Irish Raynaud's & Scleroderma Society

Scleroderma

Very Early Diagnosis of Systemic Sclerosis (VEDOSS)

The VEDOSS (Very Early Diagnosis of Systemic Sclerosis) programme was launched by Minister for Health Mary Harney in the Atrium at Trinity College Dublin at 6pm on the 29th June. 2009.

Scleroderma (Systemic Sclerosis) can be treated early only if diagnosed early. The VEDOSS programme, led by EUSTAR, calls for all GPs to refer people with two early symptoms to a rheumatologist for further investigation. While Raynaud’s (lack of circulation in the fingers and toes when chilled, leading to white, numb digits) is a common, mild condition, it may prove to be the precursor of systemic scleroderma, and it is one of the symptoms that call for surveillance. A second symptom is hard puffy fingers. Where both symptoms are present, an ANA blood test should be conducted. Examination by a rheumatologist familiar with systemic sclerosis is the next step. Early diagnosis of scleroderma saves lives and leads to control of the disease.

”The challenge of early systemic sclerosis for the EULAR Scleroderma Trial and Research group (EULAR) community. It is time to cut the Gordian knot and develop a prevention or rescue strategy” This is the title of an article in the Annals of Rheumatic Diseases 2009. Download it from the Editorial/Vedoss link at the bottom of the page.  To access this you must first register with the website.  This is free to do and takes just a few minutes.  Or you can email us for a hard copy.

Resource Link

The Scleroderma Foundation website provides information for medical professionals with textbooks, image atlases and information on research.

 

Research

ISN Profile Update—Dr. James R. Seibold

In February 2010, Dr. James R. Seibold, who is the Chair of our ISN Medical Advisory Board, became Professor and Chief of the Division of Rheumatology at the University of Connecticut Health Center. He had been on the faculty of UMDNJ from 1980-2004 where he had served as Chief of the Division of Rheumatology, Director of the Clinical Research Center and as the W.H. Conzen Chair of Clinical Pharmacology.  In July 2004, he became Professor and Director of the University of Michigan Scleroderma Program, and in February 2010 he joined UCHC. For appointment inquiries with Dr. Seibold, please call 1-860-679-3605.  Progress through Collaboration in Scleroderma by James R. Seibold, M.D., ISN Medical Advisory Board Chair Dr. James R. Seibold James R. Seibold, M.D. Chair, ISN Medical Advisory Board

The Pace of Research in Ssc

The pace of research in scleroderma is accelerating and the quality of data is ever increasing. As a 30-year veteran of scleroderma research, I have watched in awe as the field advances and have tried to “diagnose” the reasons. I think it’s the spirit of collaboration and it all traces back to the U.S. study of D-penicillamine. Uncontrolled case series from the 1970s and early ‘80s had suggested this agent had benefits, but reliable data from a controlled trial were lacking.  Several attempts to get funding from the National Institute of Health had been unsuccessful largely because the evidence was so weak. A group of committed U.S. clinical researchers decided to do a study anyway, and organized a trial with minimal funding but maximal passion.

EUSTAR and EULAR

While the trial was quite negative, it did demonstrate that we could all pull together in an effective fashion. The success led to formation of the Scleroderma Clinical Trials Consortium and later to EUSTAR, the EULAR Scleroderma Trials and Research Group. International collaboration grew rapidly, nourished by the understanding by study sponsors that trials were needed and that they could be done with quality and efficacy.

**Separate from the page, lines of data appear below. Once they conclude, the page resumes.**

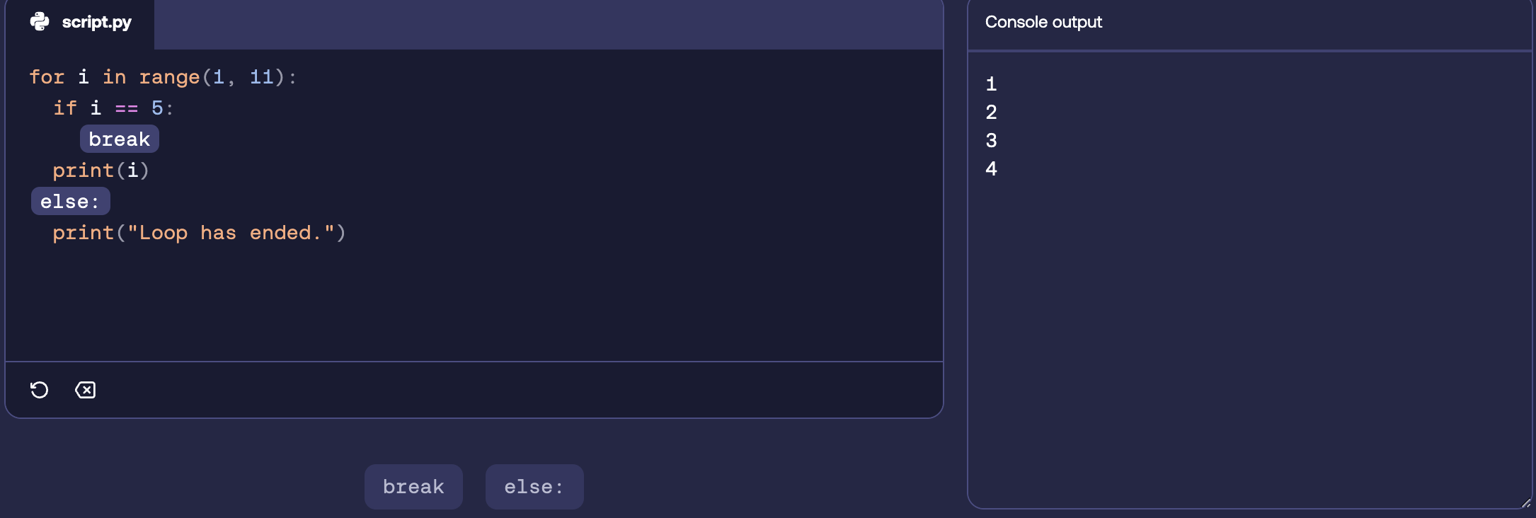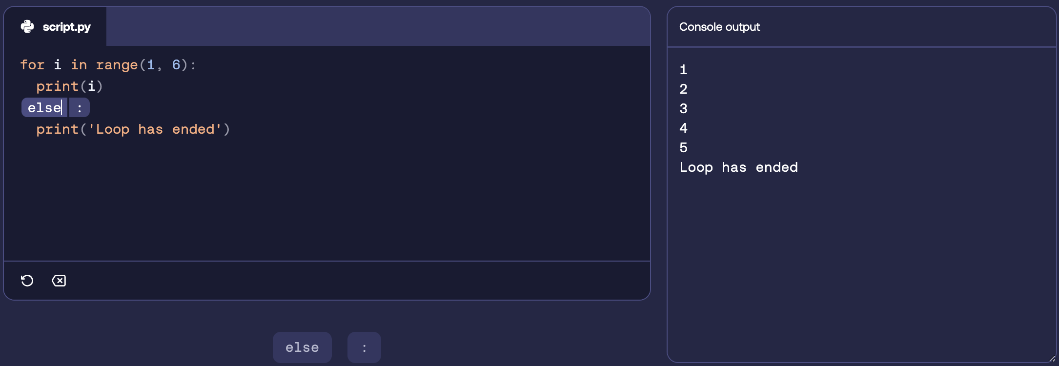 Finally, the else statement in loops is executed when the loop has finished. Remember, else in a loop differs from else in an if statement.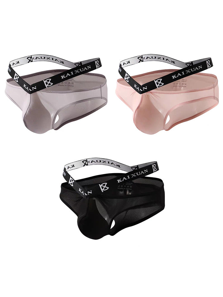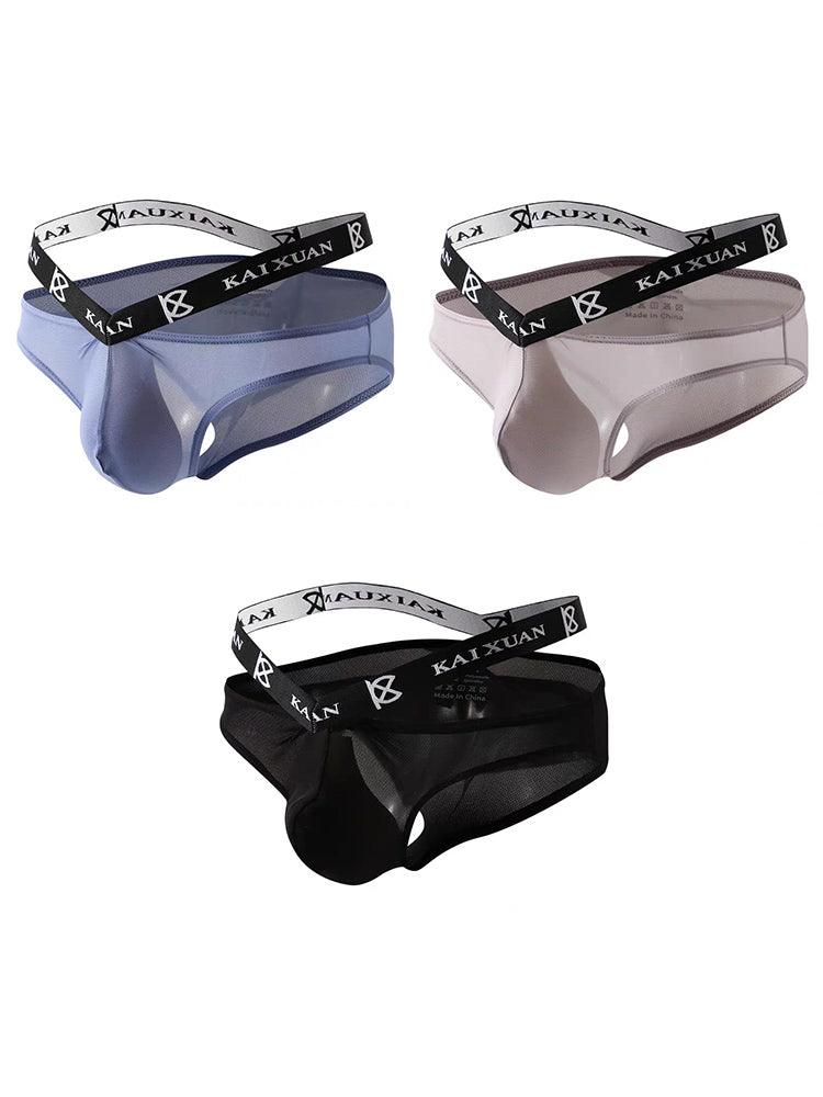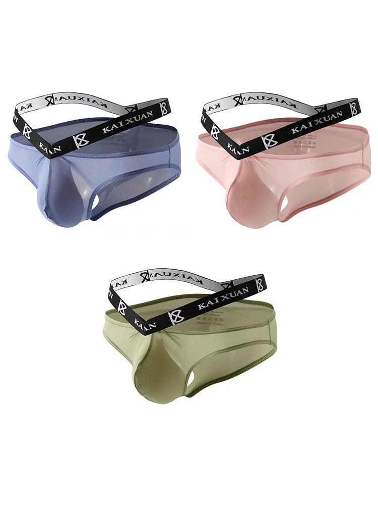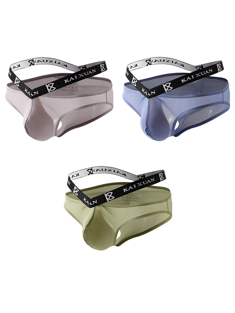 3 Pack Men's Sexy Ice Silk Mesh Breathable Erotic Briefs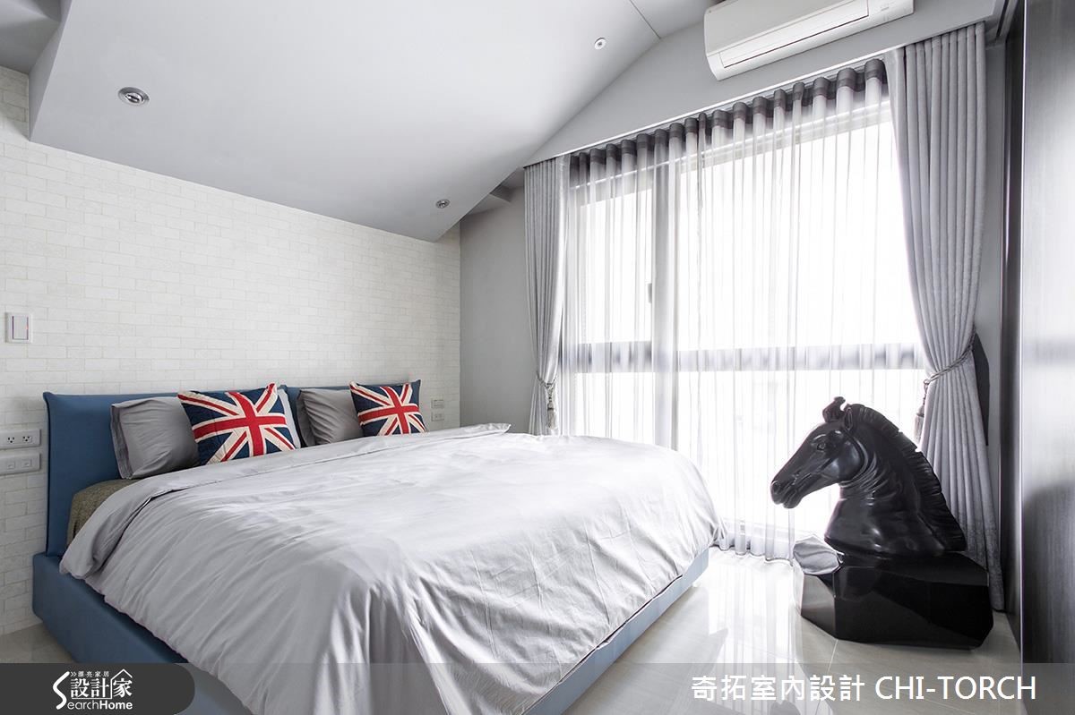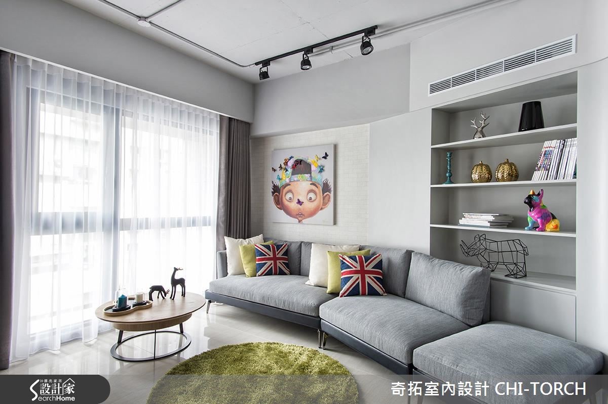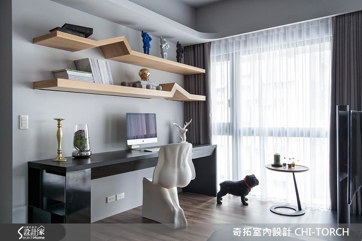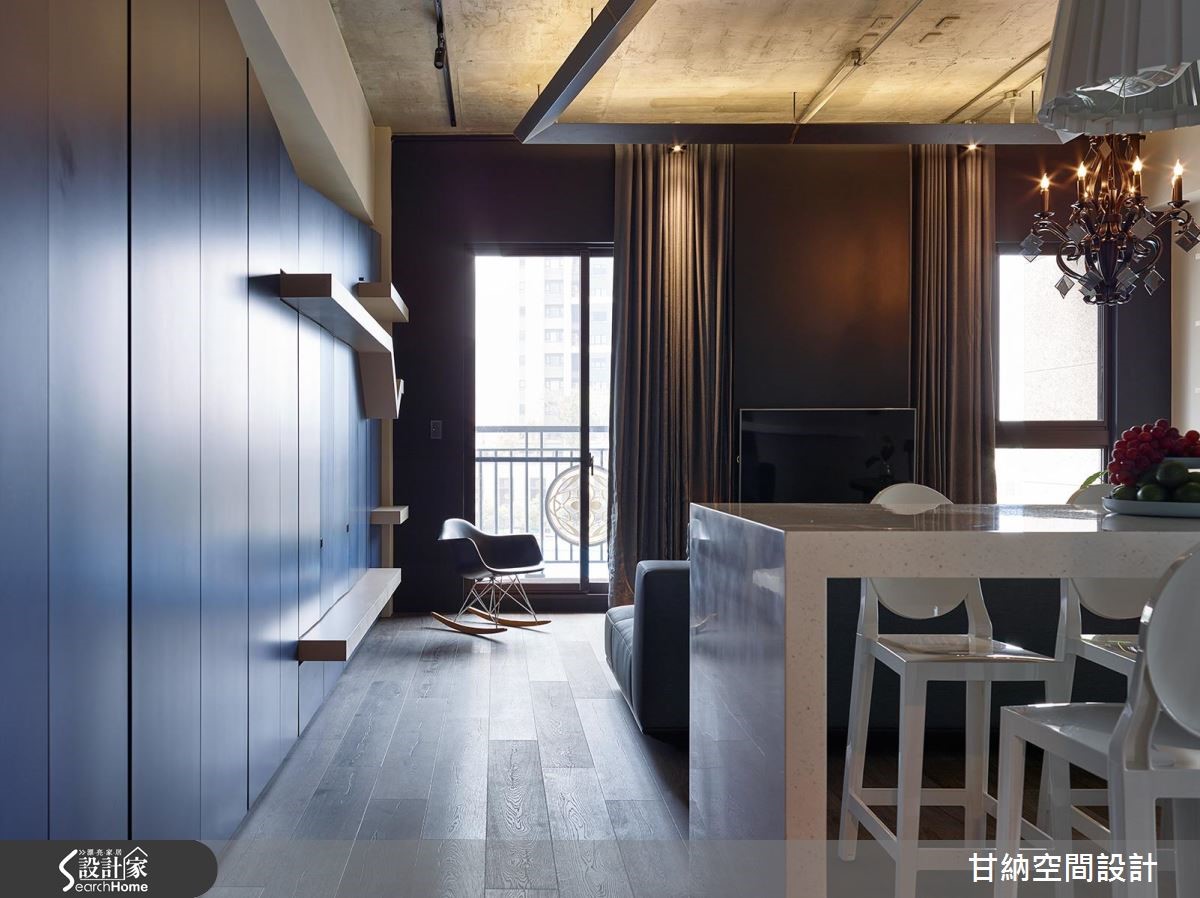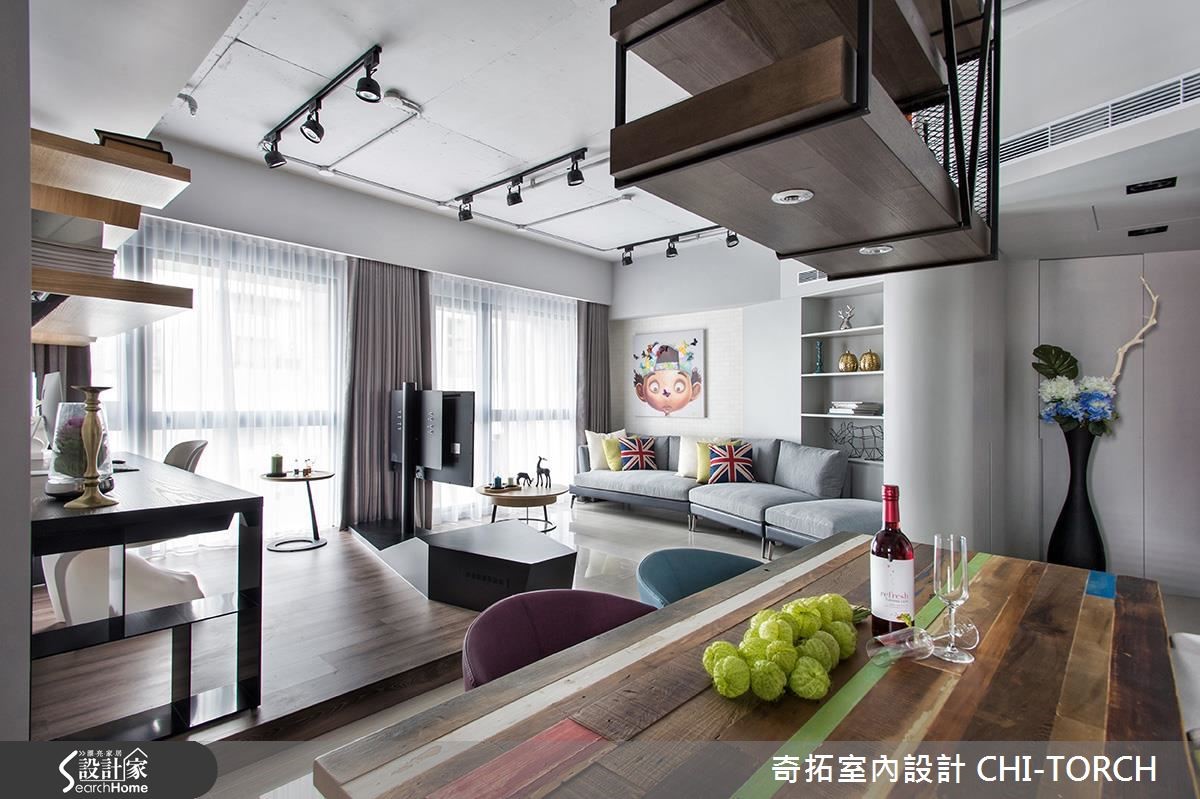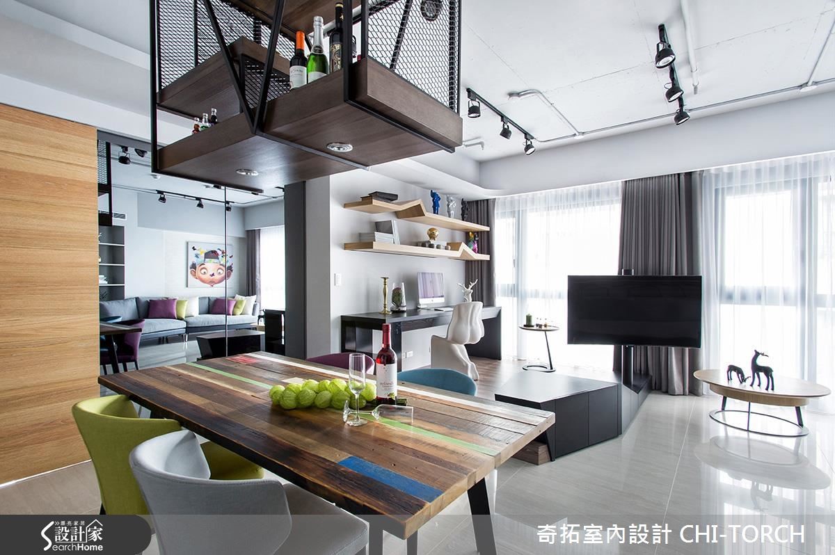 这是2人2猫的119平方米居宅,透过将公共领域放大、缩减寝卧范围,让空间更舒适。依据需求打造充足的酒类收纳,且针对两只爱猫做出温馨设计。结合北欧风、工业风的完美混搭,演出纾压又趣味十足的日常景况。【架高书房,空间更有层次】公领域采全开放式规划,且让沙发墙面做出转折,搭配半弧型椅座延展宽敞视感。一旁收纳柜则因应角度,得以容纳更多储藏量。藉由跳色手法及家具的重点装饰,混搭出独具风格的空间场景。中央规划旋转电视墙使各区域皆能共享。架高地面后,不仅圈围出开放的书房领域;电视地柜还身兼储物与座椅功能,让书房还融合了起居室的意义。摆张趣味十足的造型单椅,更能在开放环境中营造画龙点睛效果。餐厅融入灯光与缤纷的家具,并悬吊工业感酒柜设计,让屋主享有美好品酒时光。,一旁以镜面拉门区分公私领域,在达到界定的同时也双倍延伸视觉。寝卧保留采光与窗景优势并于天花做出倾斜,搭上强烈的风格家饰,点燃了个性十足的空间表情。

Meanwhile, promising young academic talent is being drawn to the field which has further benefited from the large number of successful drug development projects in pulmonary hypertension. One need only browse http://clinicaltrials.gov under scleroderma to assess the breadth and quality of modern scleroderma research. There are currently 116 separate studies. We move forward as a group with agents that modify the overall disease, treatments for the lung including pulmonary hypertension and interstitial disease, Raynaud phenomenon and digital ulcers and agents aimed at enhancing quality of life. A journey of 1,000 miles begins with a first step. Perhaps it was the D-penicillamine study, perhaps not but all should be aware that healthy collegial collaborative projects continue to proliferate. The research community has justified optimism.